A lone health ministry official skewed Greece's public accounts by about 1 percent of GDP last year by deliberately underreporting state hospitals' debts to suppliers, apparently to please her political masters.
"She told us she was asked to 'accommodate the situation'," Vassilis Manesiotis, a central bank official and member of a committee of inquiry on Greek statistics, told parliament.
Despite the new government's promise to the European Union to clean up discredited Greek statistics, experts say there is no guarantee a bill to be debated by parliament from Wednesday will stop this kind of fiddling of budget data in future.
The draft law creates an independent statistics agency and imposes stiff penalties on officials who massage the figures, but critics say it fails to set clear ground rules on how to collect and double-check the data.
"This is a key deficiency," said Savvas Robolis, an economist who sat on the panel which reported last month.
"If the statistics agency is not equipped with adequate mechanisms to ensure that its high principles of integrity and independence will be implemented, it will be crippled from the beginning," Robolis said.
Deliberate misreporting of budget data and shambolic statistics under the previous, conservative government are at the heart of Greece's fiscal crisis, which threatens to destabilise the euro zone.
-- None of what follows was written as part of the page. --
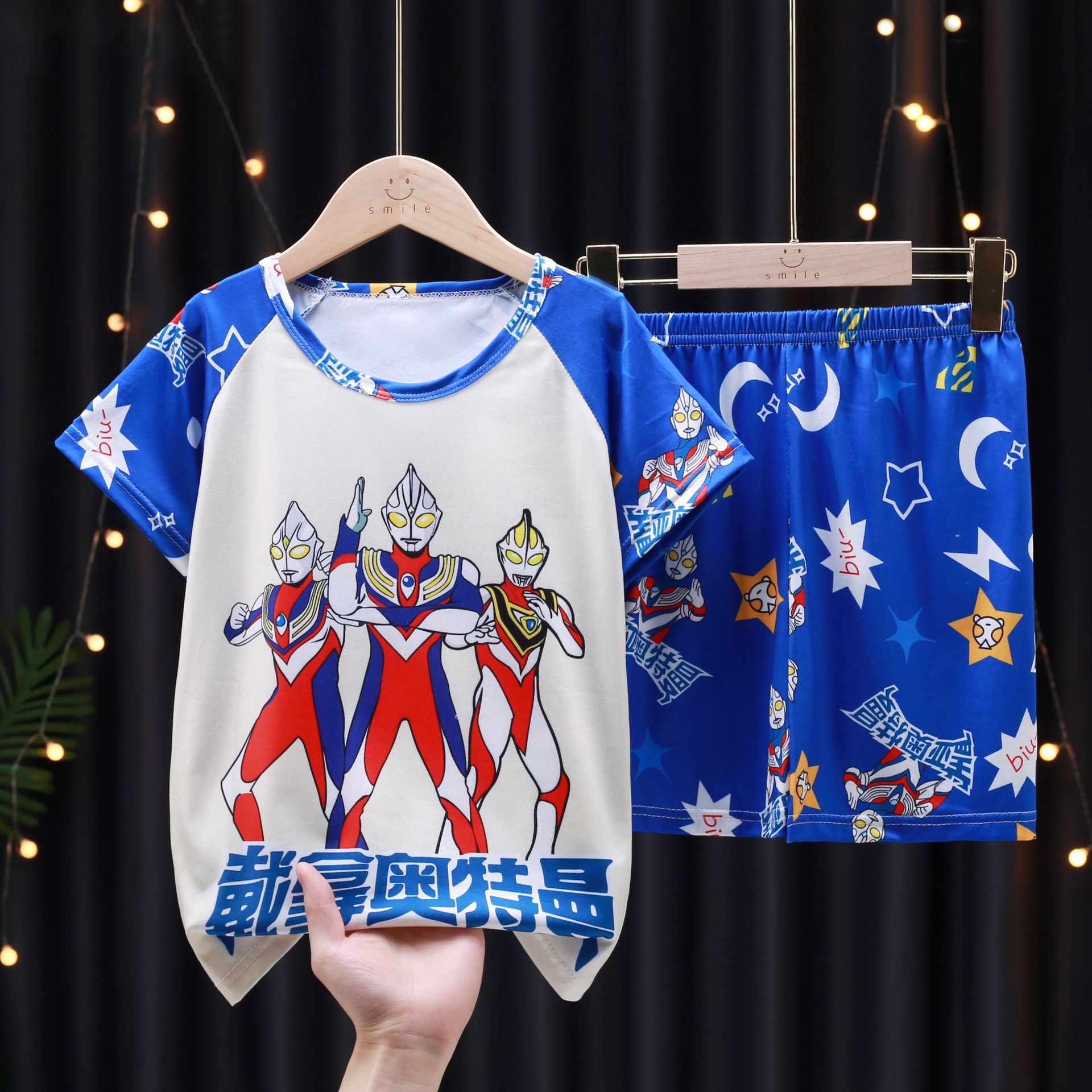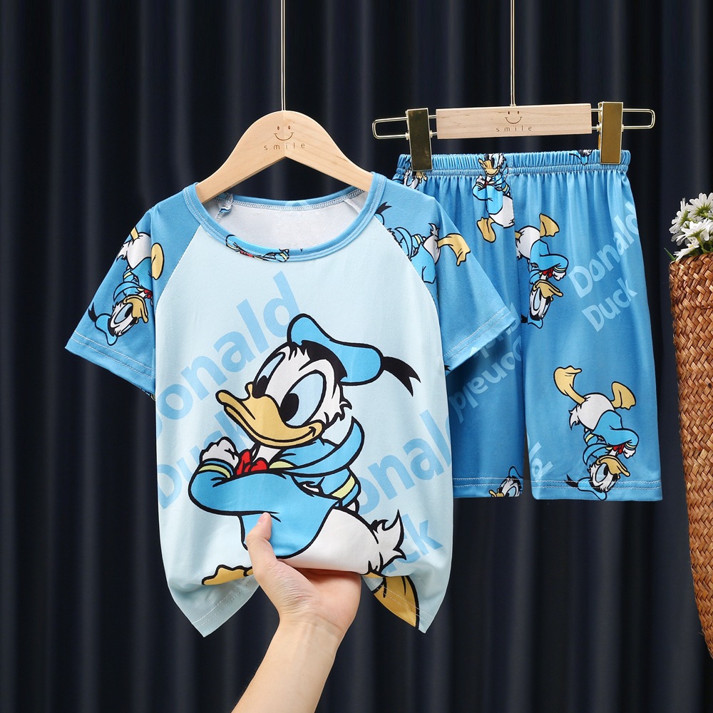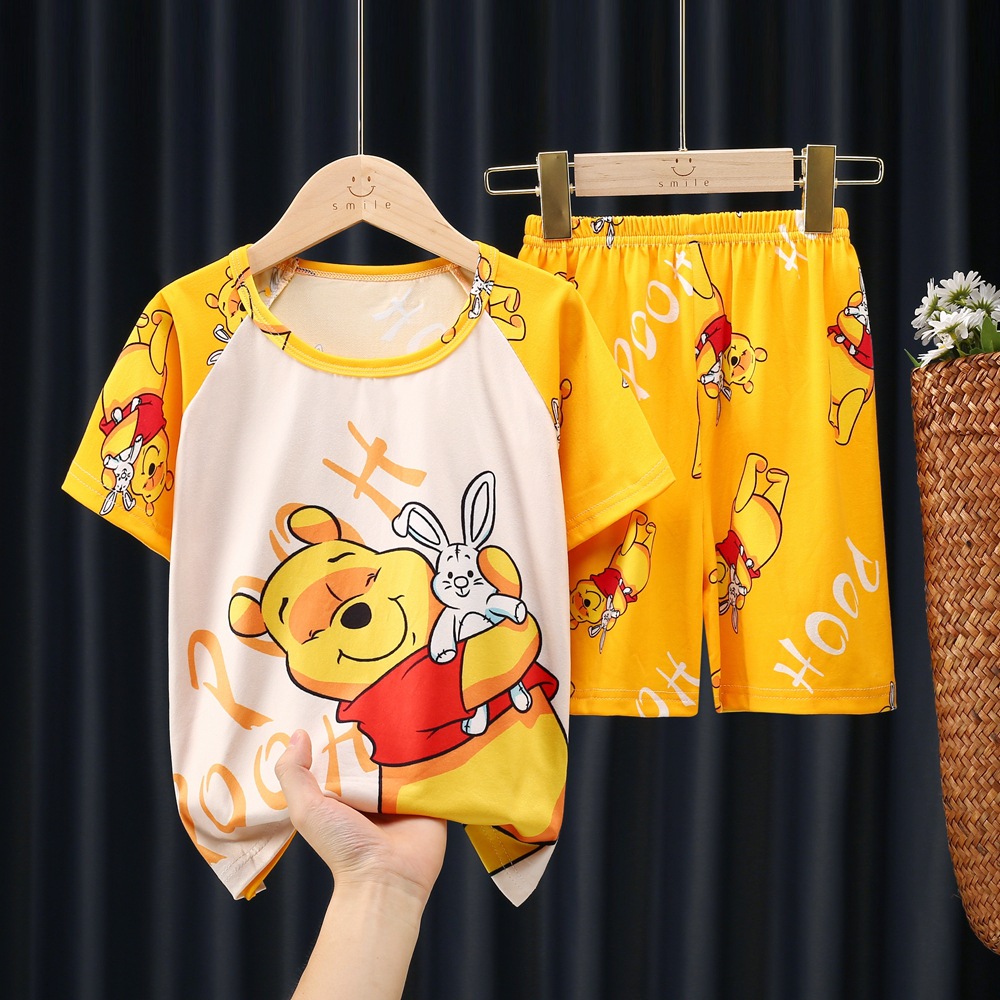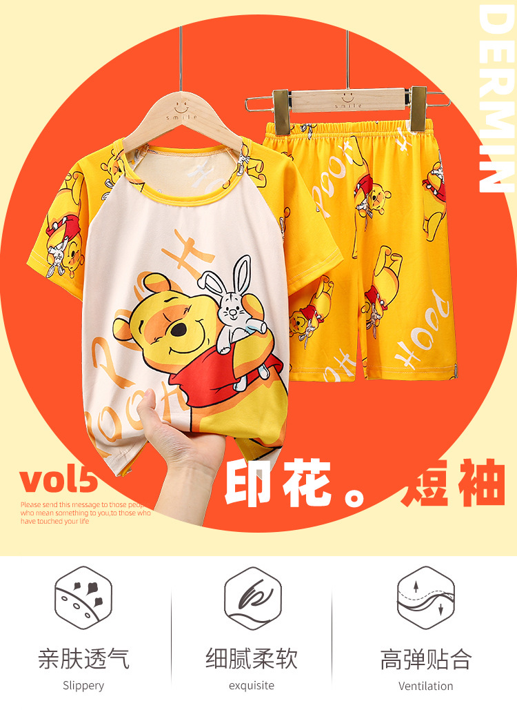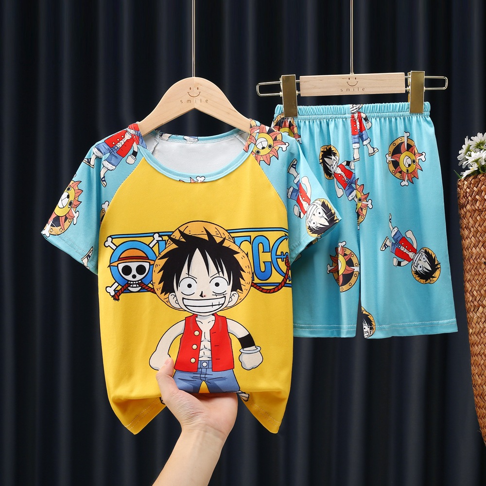 남학생 잠옷 얇고 여학생 통기성 아동집 옷 중대형 어린이 만화 어린이 반소매 여름 세트 대외 무역

Irked by repeated major revisions of budget and GDP data over the past years, the executive European Commission has said it will take Greece to court over its faulty statistics.
Greece has admitted twice in the past 6 years to cooking its budget data. The previous instance of bent accounting was to qualify for the euro zone in 2001.
Statistics by phone
Chaotic data collection over several years has left the door open to politically motivated manipulation of budget figures.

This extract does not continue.